Instructions for the task:
The result should be a full, exact repeat of the entries, free of pictures.

Data to examine:

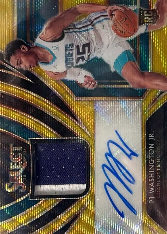 The PJ Washington Jr. 2019 Select #RJA-PJW Rookie Jersey Autographs - Gold Wave card in Raw condition has not changed in price in the last 30 days and was last sold for $39.00 .
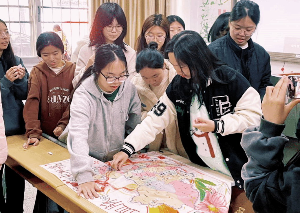 各班级团支部紧扣“铸牢中华民族共同体意识”,以理论为基、实践为桥,充分发挥创新思维,通过理论学习、案例剖析、互动讨论等多样化的形式有序开展,系统学习中华民族共同体意识理论体系,深入探讨其在全面建设社会主义现代化国家新征程中的重要作用。班会期间,同学们积极互动,通过情景模拟、知识竞答等环节,引导同学们树立“铸牢中华民族共同体意识”的理想信念,厚植团结爱国之情。激励同学们在实现中华民族伟大复兴的征程中贡献智慧与力量,让民族团结之花在新时代绽放更绚丽的色彩。值得一提的是,23思政一班通过“共绘民族地图”这一创新形式,将理论学习与实践体验相结合,这一寓教于乐的沉浸式体验,以指尖的温度传递文化认同,用视觉语言诠释民族团结的时代内涵,成为班会中一抹亮色。
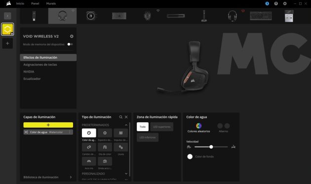 En PC tenemos un mundo de posibilidades con la aplicación iCUE. Con ella podremos crear ecualizadores personalizados, modificar el tipo de sonido, ajustar el brillo de la iluminación LED RGB y personalizara con diferentes colores, efectos y patrones, podremos configurar el botón personalizable que incluyen estos auriculares y asignarle una función concreta. Por ejemplo, podemos configurarlo para que nos permita silenciar o activar el micrófono.
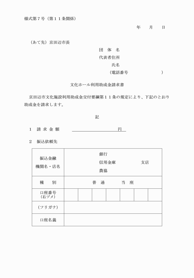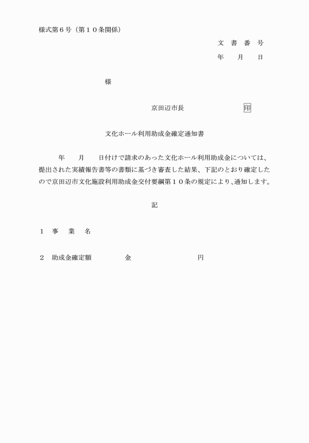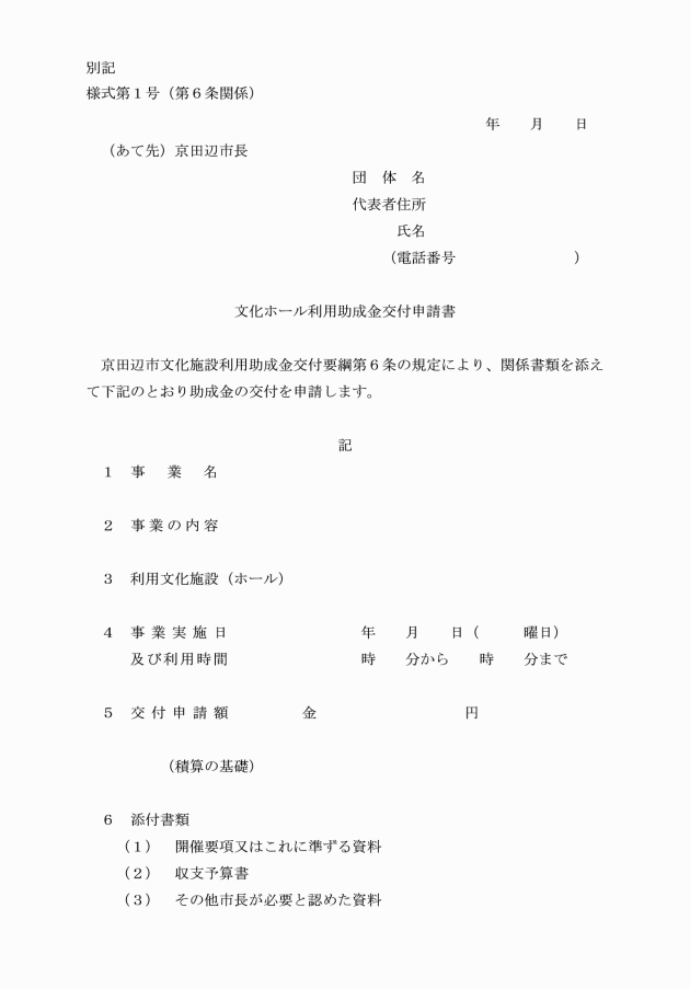 第6条 申請者は、発表会当日の1か月前までに、文化ホール利用助成金交付申請書(別記様式第1号)に次に掲げる書類を添付し、市長に提出しなければならない。
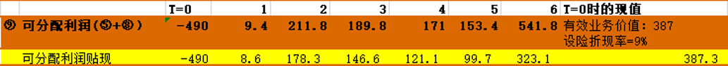 根据上述假设计算的可分配利润贴现值,即有效业务价值为387.35元。
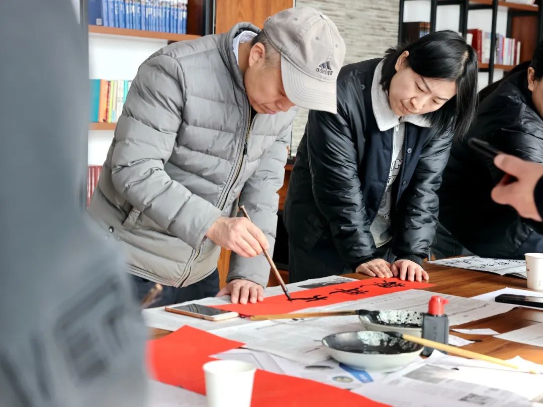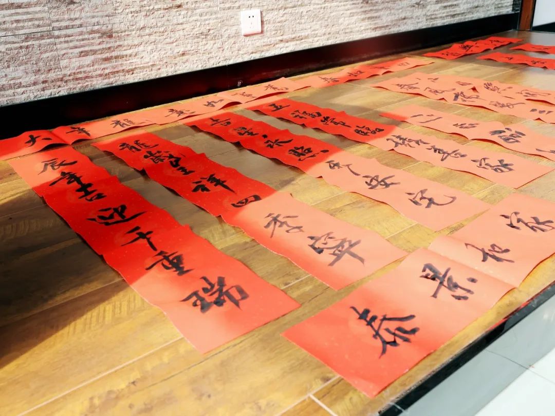 铺纸研墨,笔走龙蛇,泼墨挥毫,正楷、行楷等多种书体各显神韵,不一会,一幅幅平安和谐、吉祥如意的春联散发着清新墨香,呈现在人们眼前。带着对美好生活的期盼,大家一边品评春联寓意,一边欣赏书法艺术。翰墨的清香与众人的欢笑,让浓浓的年味和艺术气息在暖暖流淌。

Solution below:
 The PJ Washington Jr. 2019 Select #RJA-PJW Rookie Jersey Autographs - Gold Wave card in Raw condition has not changed in price in the last 30 days and was last sold for $39.00 .
 各班级团支部紧扣“铸牢中华民族共同体意识”,以理论为基、实践为桥,充分发挥创新思维,通过理论学习、案例剖析、互动讨论等多样化的形式有序开展,系统学习中华民族共同体意识理论体系,深入探讨其在全面建设社会主义现代化国家新征程中的重要作用。班会期间,同学们积极互动,通过情景模拟、知识竞答等环节,引导同学们树立“铸牢中华民族共同体意识”的理想信念,厚植团结爱国之情。激励同学们在实现中华民族伟大复兴的征程中贡献智慧与力量,让民族团结之花在新时代绽放更绚丽的色彩。值得一提的是,23思政一班通过“共绘民族地图”这一创新形式,将理论学习与实践体验相结合,这一寓教于乐的沉浸式体验,以指尖的温度传递文化认同,用视觉语言诠释民族团结的时代内涵,成为班会中一抹亮色。
 En PC tenemos un mundo de posibilidades con la aplicación iCUE. Con ella podremos crear ecualizadores personalizados, modificar el tipo de sonido, ajustar el brillo de la iluminación LED RGB y personalizara con diferentes colores, efectos y patrones, podremos configurar el botón personalizable que incluyen estos auriculares y asignarle una función concreta. Por ejemplo, podemos configurarlo para que nos permita silenciar o activar el micrófono.
 第6条 申請者は、発表会当日の1か月前までに、文化ホール利用助成金交付申請書(別記様式第1号)に次に掲げる書類を添付し、市長に提出しなければならない。
 根据上述假设计算的可分配利润贴现值,即有效业务价值为387.35元。
 铺纸研墨,笔走龙蛇,泼墨挥毫,正楷、行楷等多种书体各显神韵,不一会,一幅幅平安和谐、吉祥如意的春联散发着清新墨香,呈现在人们眼前。带着对美好生活的期盼,大家一边品评春联寓意,一边欣赏书法艺术。翰墨的清香与众人的欢笑,让浓浓的年味和艺术气息在暖暖流淌。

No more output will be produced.